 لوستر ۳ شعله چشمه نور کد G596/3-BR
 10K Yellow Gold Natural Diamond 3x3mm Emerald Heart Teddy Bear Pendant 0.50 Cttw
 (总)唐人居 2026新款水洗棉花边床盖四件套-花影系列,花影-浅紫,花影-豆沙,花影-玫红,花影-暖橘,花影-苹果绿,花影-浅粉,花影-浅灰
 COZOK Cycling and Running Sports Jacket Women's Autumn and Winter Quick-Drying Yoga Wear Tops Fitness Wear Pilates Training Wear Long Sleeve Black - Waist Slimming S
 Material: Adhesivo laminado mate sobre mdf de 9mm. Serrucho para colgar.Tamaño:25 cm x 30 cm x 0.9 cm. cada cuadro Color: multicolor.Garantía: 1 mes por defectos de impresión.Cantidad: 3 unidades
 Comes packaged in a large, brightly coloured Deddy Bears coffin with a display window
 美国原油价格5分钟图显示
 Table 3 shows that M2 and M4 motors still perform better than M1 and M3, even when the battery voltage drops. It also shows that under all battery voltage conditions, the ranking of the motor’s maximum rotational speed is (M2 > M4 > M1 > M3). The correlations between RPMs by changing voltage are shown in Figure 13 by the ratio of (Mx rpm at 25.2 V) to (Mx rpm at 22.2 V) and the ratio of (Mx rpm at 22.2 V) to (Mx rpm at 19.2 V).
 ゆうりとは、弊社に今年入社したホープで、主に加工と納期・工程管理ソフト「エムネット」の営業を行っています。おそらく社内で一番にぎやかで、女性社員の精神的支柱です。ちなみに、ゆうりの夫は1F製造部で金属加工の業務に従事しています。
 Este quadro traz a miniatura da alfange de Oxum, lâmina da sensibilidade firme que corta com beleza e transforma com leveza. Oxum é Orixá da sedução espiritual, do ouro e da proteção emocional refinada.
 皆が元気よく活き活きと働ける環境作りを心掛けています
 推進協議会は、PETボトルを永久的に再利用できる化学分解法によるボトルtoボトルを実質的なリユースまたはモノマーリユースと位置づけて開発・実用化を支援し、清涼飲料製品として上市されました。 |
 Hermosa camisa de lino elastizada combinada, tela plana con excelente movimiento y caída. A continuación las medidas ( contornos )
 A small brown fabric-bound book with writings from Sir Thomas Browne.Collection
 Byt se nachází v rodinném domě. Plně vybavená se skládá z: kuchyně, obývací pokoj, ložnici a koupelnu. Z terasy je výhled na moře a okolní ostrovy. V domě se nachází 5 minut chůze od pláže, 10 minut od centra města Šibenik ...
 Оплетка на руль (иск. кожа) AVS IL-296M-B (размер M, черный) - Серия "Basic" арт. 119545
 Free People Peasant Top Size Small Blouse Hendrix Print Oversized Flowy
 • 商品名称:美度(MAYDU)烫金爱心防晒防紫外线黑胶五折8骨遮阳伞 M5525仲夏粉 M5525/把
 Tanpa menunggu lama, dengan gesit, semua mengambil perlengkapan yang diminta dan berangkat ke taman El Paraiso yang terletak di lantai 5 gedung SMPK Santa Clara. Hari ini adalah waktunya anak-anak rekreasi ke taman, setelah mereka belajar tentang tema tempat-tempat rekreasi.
----
Reproduce the entries above exactly, but only the lines between the line holding "Este quadro traz" and the line holding "Hermosa camisa de", inclusive.

Output
 Este quadro traz a miniatura da alfange de Oxum, lâmina da sensibilidade firme que corta com beleza e transforma com leveza. Oxum é Orixá da sedução espiritual, do ouro e da proteção emocional refinada.
 皆が元気よく活き活きと働ける環境作りを心掛けています
 推進協議会は、PETボトルを永久的に再利用できる化学分解法によるボトルtoボトルを実質的なリユースまたはモノマーリユースと位置づけて開発・実用化を支援し、清涼飲料製品として上市されました。 |
 Hermosa camisa de lino elastizada combinada, tela plana con excelente movimiento y caída. A continuación las medidas ( contornos )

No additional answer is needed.